(Saved entries)
Start of Block

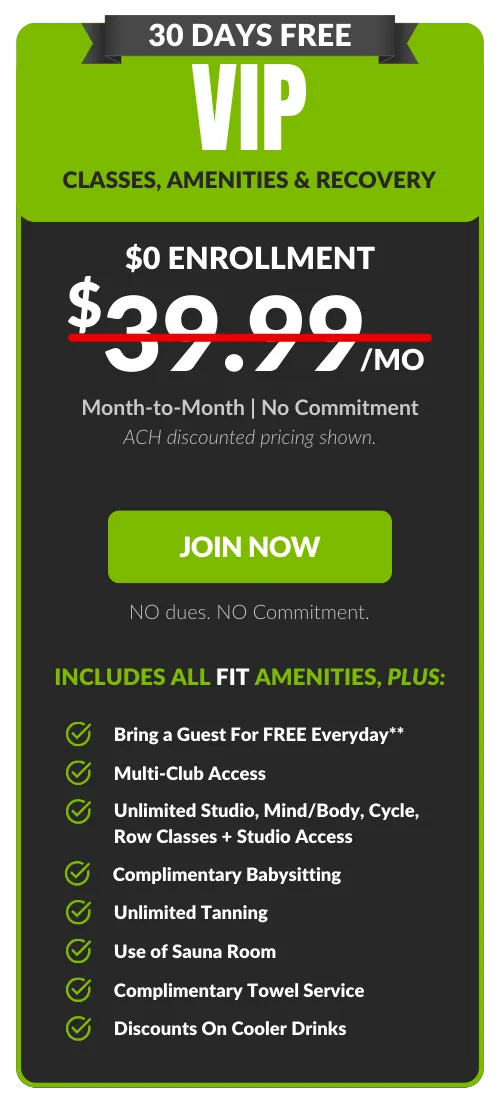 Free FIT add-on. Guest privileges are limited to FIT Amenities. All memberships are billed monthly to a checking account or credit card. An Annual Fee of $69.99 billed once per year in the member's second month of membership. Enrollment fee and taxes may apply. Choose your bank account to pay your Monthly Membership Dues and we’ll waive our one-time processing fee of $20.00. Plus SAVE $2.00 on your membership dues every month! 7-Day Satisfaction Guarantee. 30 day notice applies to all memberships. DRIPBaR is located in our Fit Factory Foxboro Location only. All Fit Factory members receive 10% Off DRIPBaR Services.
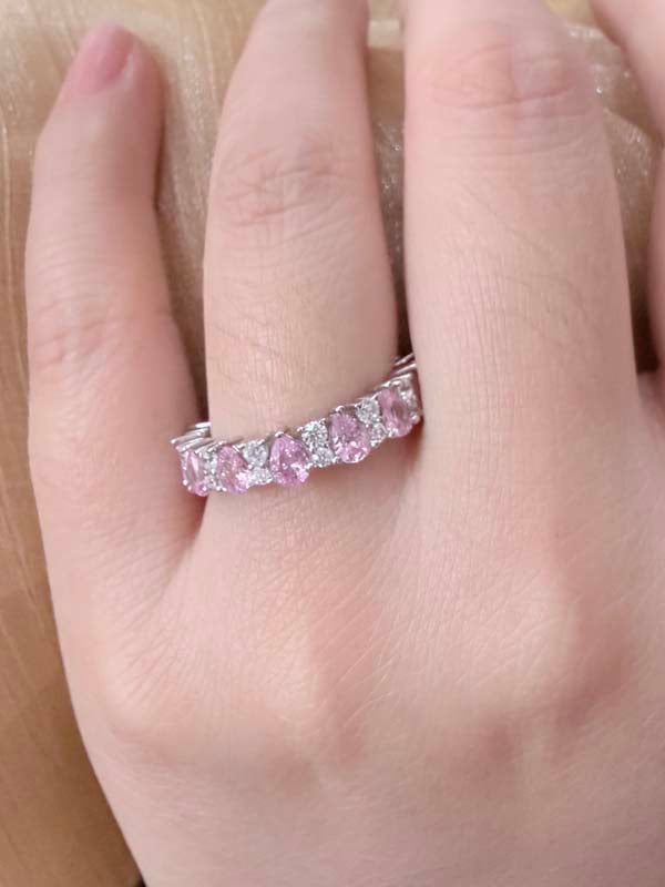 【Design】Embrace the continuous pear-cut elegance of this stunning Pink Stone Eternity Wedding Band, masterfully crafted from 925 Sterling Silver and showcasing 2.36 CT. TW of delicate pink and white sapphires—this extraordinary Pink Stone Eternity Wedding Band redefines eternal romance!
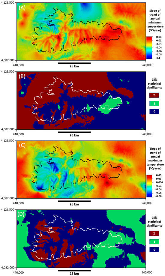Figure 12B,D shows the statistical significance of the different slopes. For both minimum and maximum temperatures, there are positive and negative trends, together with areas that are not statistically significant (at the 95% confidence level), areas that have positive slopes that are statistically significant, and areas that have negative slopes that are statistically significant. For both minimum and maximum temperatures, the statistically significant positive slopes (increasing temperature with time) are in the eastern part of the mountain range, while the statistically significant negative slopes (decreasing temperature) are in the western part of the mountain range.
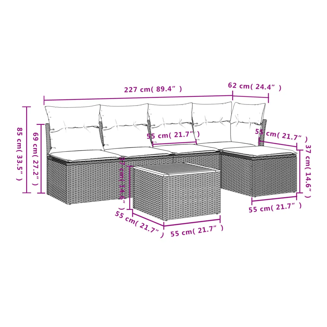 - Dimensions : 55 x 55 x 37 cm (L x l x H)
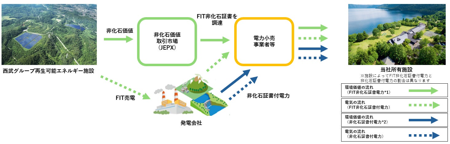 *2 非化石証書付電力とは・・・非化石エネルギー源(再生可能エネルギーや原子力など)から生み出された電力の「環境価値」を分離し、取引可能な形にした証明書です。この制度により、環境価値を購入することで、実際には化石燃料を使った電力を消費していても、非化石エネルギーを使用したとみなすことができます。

End of Block

## WHAT YOU HAVE TO DO
In the answer, the lines from the one containing "- Dimensions : 55 x 55 x 37 cm (L x l x H)" to the end of the records above must be written out exactly, both ends included; the pictures must not appear.

## SOLUTION
 - Dimensions : 55 x 55 x 37 cm (L x l x H)
 *2 非化石証書付電力とは・・・非化石エネルギー源(再生可能エネルギーや原子力など)から生み出された電力の「環境価値」を分離し、取引可能な形にした証明書です。この制度により、環境価値を購入することで、実際には化石燃料を使った電力を消費していても、非化石エネルギーを使用したとみなすことができます。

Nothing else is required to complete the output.